Supporters of same-sex marriage are like supporters of the Illuminati, according to evangelical television host Pat Robertson, who made the remarks in a recent episode of his program The 700 Club. The former Southern Baptist minister suggested the comparison while discussing the legalization of same-sex marriage in France. Even if Robertson's remarks were valid, it does not pose much of a problem for ordained ministers in the Universal Life Church, who seem to hold many of the same principles as this historically maligned group.
In an attempt to lend his comment an air of venerability, Robertson relies on a slightly misquoted admonition attributed to former British Prime Minister Winston Churchill, who famously said, "[t]hose who fail to learn from history are doomed to repeat it." For Robertson, the "crimes" of the Illuminati are being repeated in France and elsewhere:
It has been said that those who do not learn the lessons of history are doomed to live them again. To go back in history to the French Revolution, you find that there was a thrust spurred by the writing of a group called the Illuminati to destroy the family, to destroy the state, to destroy capitalism, to destroy the Church, and it was lived out in the blood of the French Revolution. Well, we have here the debate over same-sex marriage, but is it really just about marriage? Or does it go far beyond that, to destroying the traditional family and building a country without God?

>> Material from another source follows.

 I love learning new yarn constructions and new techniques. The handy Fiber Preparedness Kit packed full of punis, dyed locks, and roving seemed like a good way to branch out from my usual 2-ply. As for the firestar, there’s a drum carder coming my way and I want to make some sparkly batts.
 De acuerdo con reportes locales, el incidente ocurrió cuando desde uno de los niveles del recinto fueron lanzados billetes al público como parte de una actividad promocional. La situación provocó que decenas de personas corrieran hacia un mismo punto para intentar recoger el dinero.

In essence, he implies, the struggle to grant equal marriage rights to same-sex citizens equates with an assault on economic and religious freedom. Somehow, he manages to make a grand logical leap from legalizing a practice which conflicts with his beliefs to enforcing some anti-theistic agenda on Christians. But this is perhaps unsurprising, coming from Pat Robertson.
Reason and Equality VS Clandestine Manipulation
In reality, the Illuminati were probably a far cry from the frightening creature Robertson describes, and a group which some ministers ordained online might have admired. The original Bavarian Illuminati were a secret society founded in 1776 during the Age of Enlightenment to resist prejudice, superstition, political tyranny, and religious domination over public life, and to support gender equality and women's education. Ironically, it was the Bavarian government, in league with the Roman Catholic Church, which suppressed and outlawed the Illuminati, and the group eventually disbanded in 1785.

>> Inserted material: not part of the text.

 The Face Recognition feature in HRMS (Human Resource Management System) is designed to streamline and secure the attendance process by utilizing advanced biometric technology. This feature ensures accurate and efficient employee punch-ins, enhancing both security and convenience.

If this is the true portrait of the dreaded Illuminati, is it really such an insult or an omen of evil for Robertson to compare supporters of the Illuminati to supporters of same-sex marriage? For modern secular humanists, it seems hard to argue with fundamental principles like gender equality, political integrity, religious neutrality in the public sphere, and an appreciation of science and reason as a tool for the advancement of civilization. These are principles which many ULC ministers hold. Supporters of marriage equality seem a little less terrifying, then, if indeed this is the sort of milieu from which they derive their inspiration.

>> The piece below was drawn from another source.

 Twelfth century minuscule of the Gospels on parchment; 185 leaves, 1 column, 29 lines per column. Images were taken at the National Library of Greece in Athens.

Robertson tries very hard to instill fear and apprehension in his viewers, but the link he creates between same-sex marriage proponents and the Illuminati is not as foreboding as he suggests. Perhaps what he is really trying to say is that he dislikes the sort of principles that Enlightenment thinkers, and hence same-sex marriage proponents, stand for, namely: reason, fairness, and equality. But for Universal Life Church clergy, these things are indispensable components of our character.